Memory and Bandwidth are All You Need for Fully Sharded Data Parallel
Jiangtao Wang, Jan Ebert, Oleg Filatov, Stefan Kesselheim
TL;DR
This work tackles the challenge of training very large transformers with Fully Sharded Data Parallelism by foregrounding memory and, critically, inter-node bandwidth as bottlenecks. It combines theoretical development, simulation-grid analyses, and extensive experiments across clusters with different network speeds to map how model size, sequence length, and hardware resources interact under FSDP. Key findings show that GPU memory and network bandwidth jointly cap hardware FLOPs utilization (HFU) and model FLOPs utilization (MFU), with throughput (K) bounded by network capabilities, especially for long sequences and very large models.
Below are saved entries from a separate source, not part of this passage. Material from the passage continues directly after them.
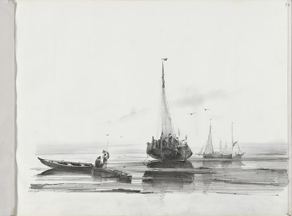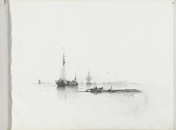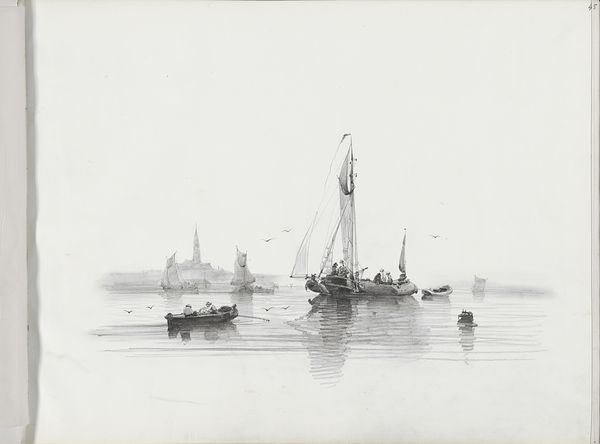 Curator: Well, here we have “Zeilboten en -schepen op het water,” which roughly translates to “Sailboats and Ships on the Water,” a pencil drawing from the mid-19th century, between 1830 and 1860, by Albertus van Beest. Editor: My immediate impression is of… quiet turbulence. It's monochromatic, pale, almost ghostly, yet you sense the motion of the sea and wind so keenly. I think it is evocative. Curator: Absolutely. The lightness allows van Beest to capture a specific type of 19th-century atmosphere around maritime travel and culture. This would have been a period when sea travel was becoming much more common, which meant the sea transitioned from symbolizing merely nature and power into signifying journeys and transitions for many. Editor: The vessels become metaphors for human movement, dreams carried on the tide, right? I think the starkness of the pencil against the white backdrop enhances that almost dreamlike quality, and how small he renders each vessel within this wide scene of sea and sky makes me consider human significance, how little any single person can alter things, even with these large, industrious ships of travel. Curator: A vital perspective, indeed! In terms of artistic symbolism, the use of sailing ships in art often signals exploration and adventure. Moreover, notice how van Beest arranges the ships, creating depth. The light is essential, almost acting as a character of sorts, influencing how we understand our position to this art, making this sea simultaneously vast and empty, while the pencil art also highlights a tangible immediacy. Editor: It does all feel tangible; a snapshot of the sea and sky on a cloudy afternoon! Despite the pencil work rendering soft light, it is striking and precise. Look how masterfully he captures the essence of these ships – their flags billowing, their sails full of wind. It's simple, unpretentious but so vivid. Curator: It also exemplifies a burgeoning shift in art, with art becoming somewhat divorced from only symbolizing nobility, and embracing depicting more mundane everyday lives. But the romance isn’t lost entirely, of course. Editor: It's interesting how those periods blended. It shows that even in simplicity, deep feeling can exist. Well, I could sail away with my thoughts on this all day, but alas, time, like the tide, waits for no one. Curator: A very appropriate metaphor, given the artwork at hand! A thoughtful summation.
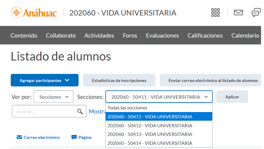 Cuando un espacio en la plataforma tiene Secciones , los alumnos sólo ven a los compañeros su propia sección (NRC); y cada elemento (contenidos, exámenes, actividades y foros) puede configurarse visible para todos los alumnos de todos, o por sección.
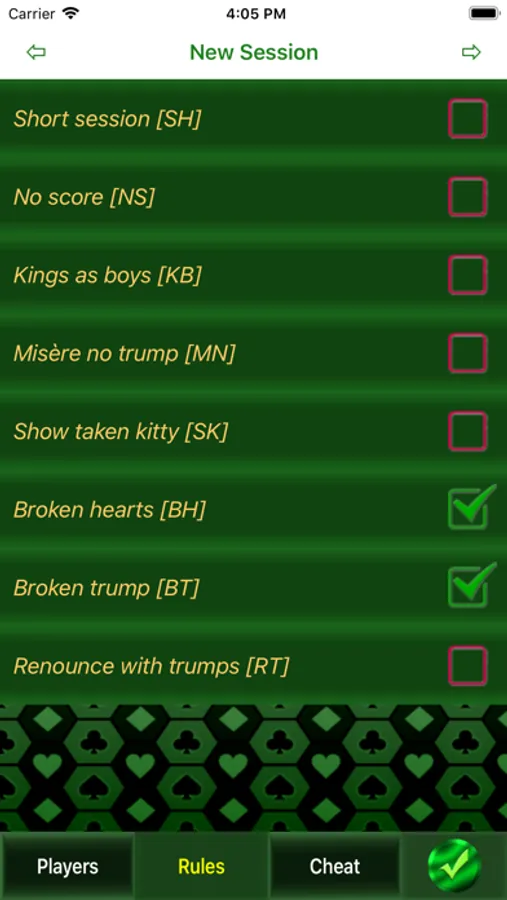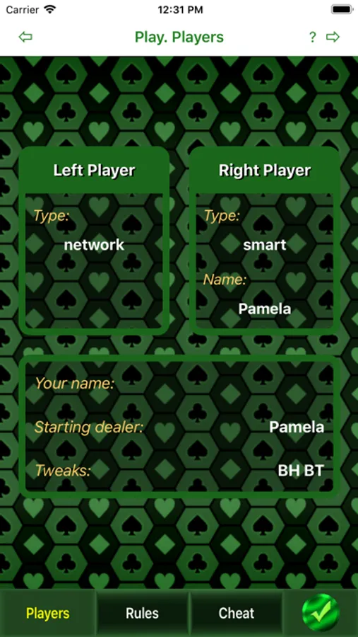 As different flavours of the game exist, the rules can be modified to suit the style of game you are used to. Few cheat options are also supported.
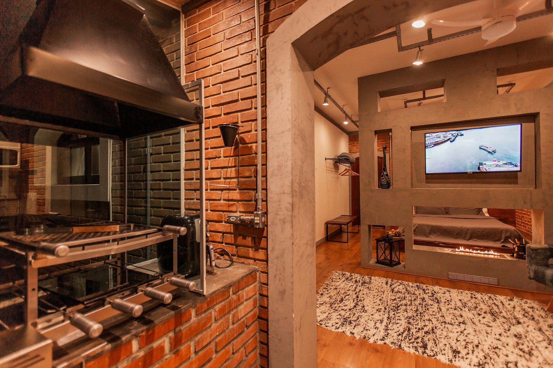 • Mini cozinha americana com cooktop, frigobar, microondas;
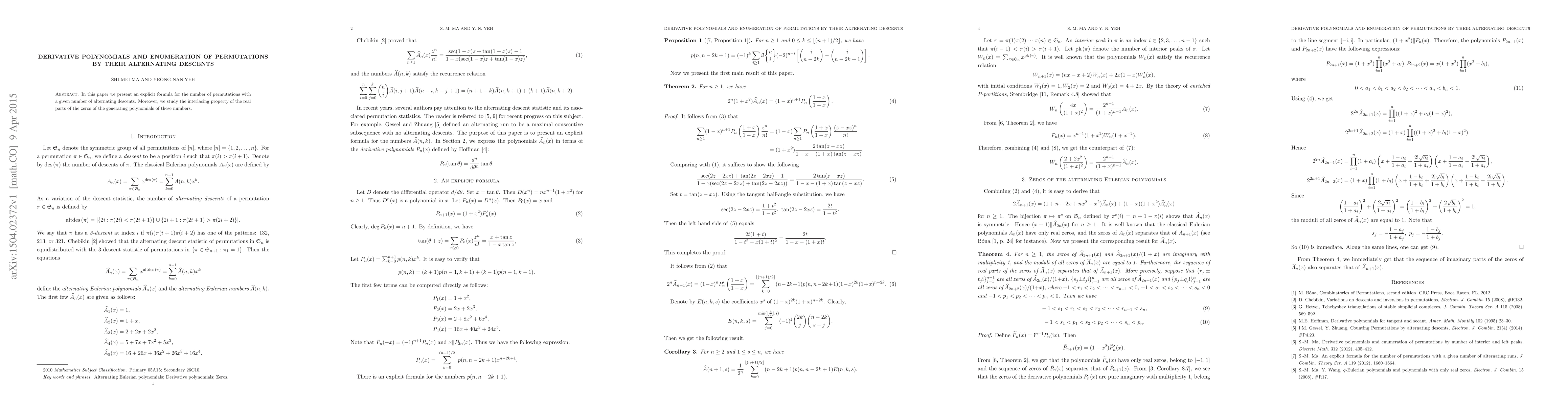 This paper provides an explicit formula for counting permutations based on their alternating descents and investigates the interlacing property of the real parts of the zeros of the generating polynomials associated with these counts.
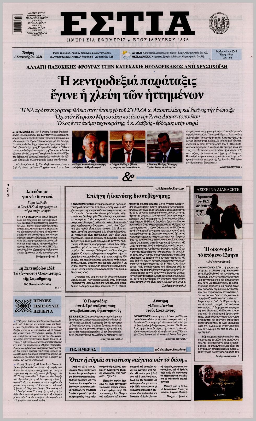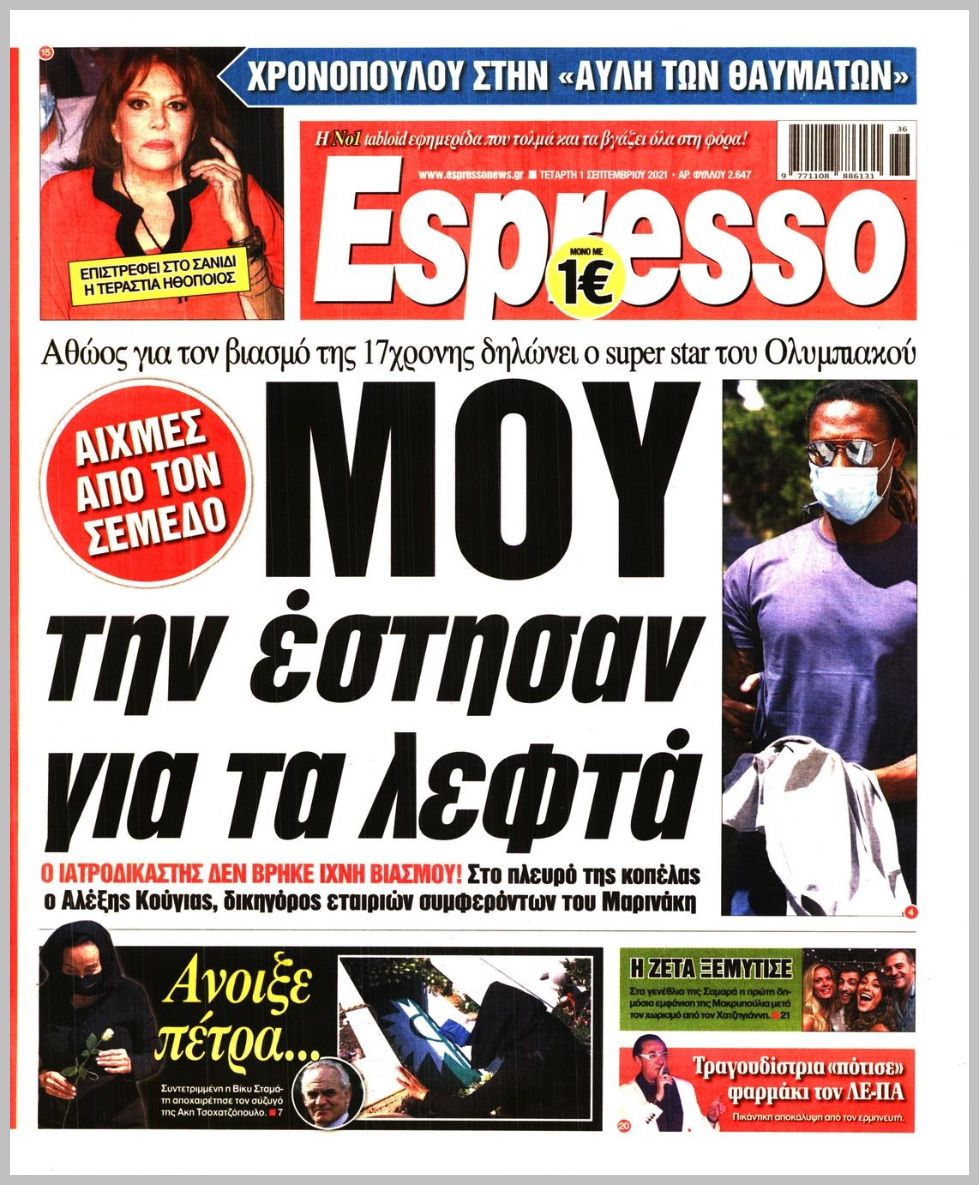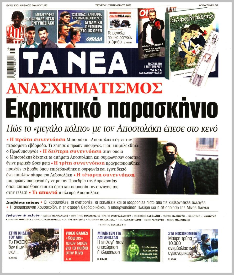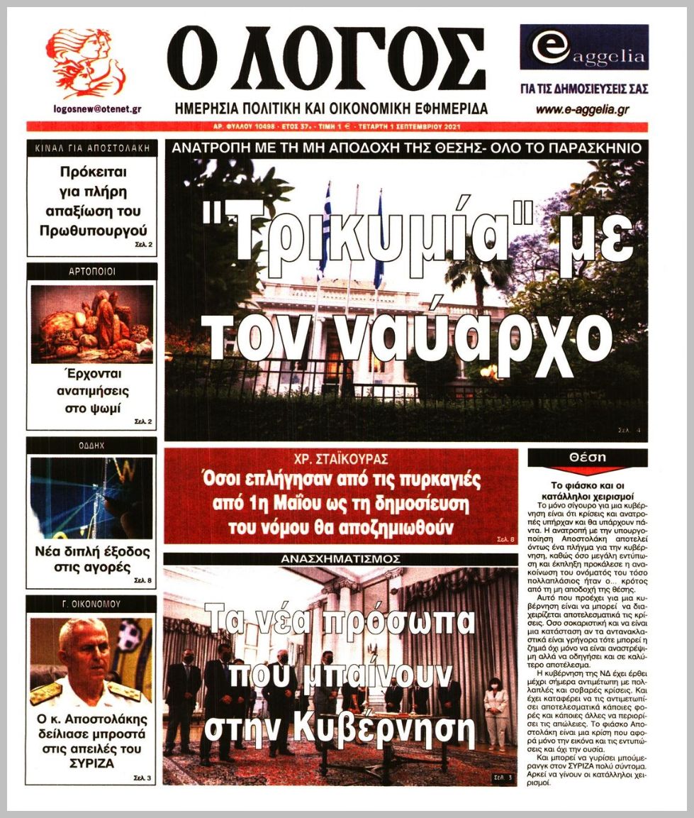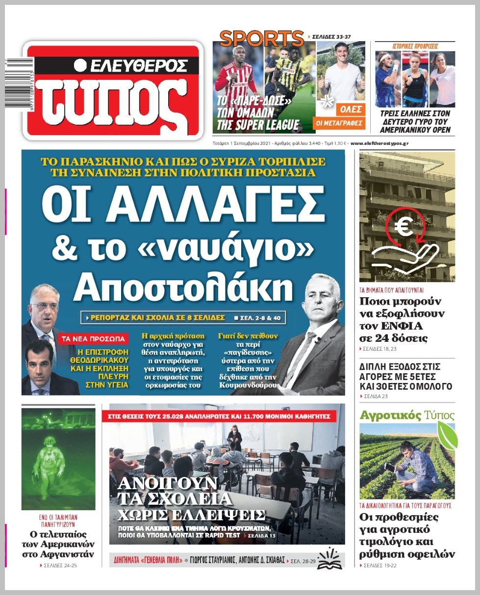 Οι πολιτικές εφημερίδες 1/9/2021 Διονύσης Νίκκας 06:08, Τετάρτη 01 Σεπτεμβρίου 2021 Media Διαβάστε τα πρωτοσέλιδα των πολιτικών εφημερίδων… ΕΦΗΜΕΡΙΔΕΣ ΠΡΩΤΟΣΕΛΙΔΑ Μοιράσου το: σχολίασε κι εσύ (0 σχόλια) Ακολουθήστε το enikos.gr στο Google News και μάθετε πρώτοι όλες τις ειδήσεις Δείτε όλες τις τελευταίες ειδήσεις από την Ελλάδα και τον Κόσμο στο enikos.gr Ειδήσεις Ροή Ειδήσεων 12 λεπτά πριν Θεσσαλονίκη: Βίντεο από τη στιγμή της έκρηξης σε υποκατάστημα τράπεζας στον Εύοσμο – Δεν προηγήθηκε τηλεφώνημα από τους δράστες 3 ώρες πριν Πόλεμος στην Ουκρανία: Γιατί η Ρωσία αναμένεται να απορρίψει το νέο ειρηνευτικό σχέδιο – Τα 2 σημεία που δεν κάνει πίσω ο Πούτιν 30 λεπτά πριν Σέρρες: Σαρώνουν πεδιάδα και βουνό για την εξαφάνιση του πυροσβέστη – Άκαρπες οι έρευνες – ΒΙΝΤΕΟ 4 ώρες πριν Τροχαίο στην Ημαθία: Θρήνος για τον θάνατο του 22χρονου – Συγκλονίζουν οι εικόνες από το σημείο της τραγωδίας 5 ώρες πριν Φρικτός θάνατος για 2χρονη: Έπεσε σε ποτάμι και την κατασπάραξαν πιράνχας 1 ώρα πριν Τα 5 ζώδια που θα δουν επιτέλους βελτίωση στα ερωτικά τους τον Ιανουάριο του 2026 – «Θα ζήσετε μία ουσιαστική και σταθερή αγάπη» 6 ώρες πριν Νιώθετε περισσότερη μοναξιά τα Χριστούγεννα; Η ψυχολογία αποκαλύπτει τα 7 χαρακτηριστικά που μάλλον διαθέτετε 5 ώρες πριν Γυναίκα που διαγνώστηκε με καρκίνο του παχέος εντέρου προειδοποιεί: «Αυτή είναι η πιο ύπουλη πτυχή της νόσου» 2 ώρες πριν Το μυστικό του Αϊνστάιν σε ένα μικροτσίπ: Ανακαλύφθηκε η κρυφή γεωμετρία που «δαμάζει» τα ηλεκτρόνια όπως η βαρύτητα 4 λεπτά πριν Ζαχάροβα: Υπάρχει «αργή αλλά σταθερή πρόοδος» στις ειρηνευτικές συνομιλίες με τις ΗΠΑ 12 λεπτά πριν Θεσσαλονίκη: Βίντεο από τη στιγμή της έκρηξης σε υποκατάστημα τράπεζας στον Εύοσμο – Δεν προηγήθηκε τηλεφώνημα από τους δράστες 20 λεπτά πριν Κουίζ για την παλιά Αθήνα: Αναγνωρίζετε την οδό; Έχετε περάσει 100% από εκεί 22 λεπτά πριν Λάκης Γαβαλάς: Είχα την αξιοπρέπειά μου στη φυλακή, έβγαινα να προαυλιστώ και έκαναν οι κρατούμενοι στην άκρη για να περάσω 30 λεπτά πριν Σέρρες: Σαρώνουν πεδιάδα και βουνό για την εξαφάνιση του πυροσβέστη – Άκαρπες οι έρευνες – ΒΙΝΤΕΟ ENIKOS NETWORK 12 Χριστουγεννιάτικες υπερτροφές που πρέπει να συμπεριλάβετε στο γιορτινό τραπέζι – Είναι νόστιμες και θα σας χορτάσουν Οι επιστήμονες βρήκαν το μυστικό της μακροζωίας – Ποιοι μπορεί να ξεπεράσουν τα 100, σύμφωνα με μελέτη Χειμερινές εκπτώσεις 2026: Πότε κάνουν πρεμιέρα και τι πρέπει να γνωρίζουν οι καταναλωτές για τις αγορές τους στα καταστήμα... ΔΥΠΑ: Έρχονται 2.000 νέες θέσεις εργασίας για ανέργους σε δήμους- Όλες οι λεπτομέρειες Ο Google Assistant θα παραμείνει λίγο περισσότερο για ορισμένους χρήστες Android Τεστ προσωπικότητας: Το βάζο που θα επιλέξετε αποκαλύπτει πώς λύνετε προβλήματα στη ζωή σας περισσότερα 14:14 , Πέμπτη 25 Δεκεμβρίου 2025 Την Κυριακή με τη Realnews: Ό,τι και αν αγοράσεις, σκανάρεις και κερδίζεις! Την Κυριακή με τη Realnews: Ό,τι και αν αγοράσεις, σκανάρεις και κερδίζεις! Με το PADU app, το... 11:58 , Πέμπτη 25 Δεκεμβρίου 2025 Ρεκόρ Γκίνες: Το White Christmas το πιο επιτυχημένο single όλων των εποχών σε φυσική μορφή – Βίντεο Το «White Christmas» είναι το πιο επιτυχημένο single όλων των εποχών σε φυσική μορφή, με περίπ... 10:11 , Πέμπτη 25 Δεκεμβρίου 2025 Αυτή την Κυριακή με τη Realnews: Το μυστήριο των Χριστουγέννων – Οι γιορτές στη Νέα Υόρκη παίρνουν μια αναπάντεχη τροπή, σε ένα συγκλονιστικό θρίλερ από τη συγγραφέα Vicki Delany Αυτή την Κυριακή με τη Realnews: Το μυστήριο των Χρισ

The study provides actionable hardware thresholds and guidelines for configuring FSDP-enabled training to maximize efficiency on bandwidth-constrained clusters, with practical implications for scaling LLMs.
Abstract
Transformer models have revolutionized a wide spectrum of disciplines, especially in language processing. The recent success has proven that model size scalability is crucial for achieving superior performance metrics. However, training large transformer models is challenging even on modern hardware with powerful GPUs and high-speed interconnects. Existing studies primarily focus on optimizing model training distribution strategies to minimize memory footprint and enhance training speed, often overlooking the scalability challenges related to model size and hardware constraints. To address this oversight, we thoroughly investigate computational, memory, and network demands of training large transformers using the Fully Sharded Data Parallel (FSDP) distributed strategy across different hardware clusters. We explore the intricate relationships between model size and hardware setups to identify configurations that ensure maximum model and hardware efficiency, effective sequence length management, and optimal training throughput. A significant finding of our study is the critical interplay of the cluster's connection bandwidth and GPU memory size compared to the computational performance of GPUs. This interplay limits training efficiency, underscoring the role of both hardware characteristics as a possible bottleneck. By integrating theoretical analysis with simulations and empirical tests, we demonstrate how hardware limitations affect training efficacy, identifying key hardware thresholds and the impact of network connectivity. Our findings prompt a reassessment of training strategies guiding users on the way to finding hardware-optimal FSDP configurations, enhancing training efficiency for large-scale transformer models.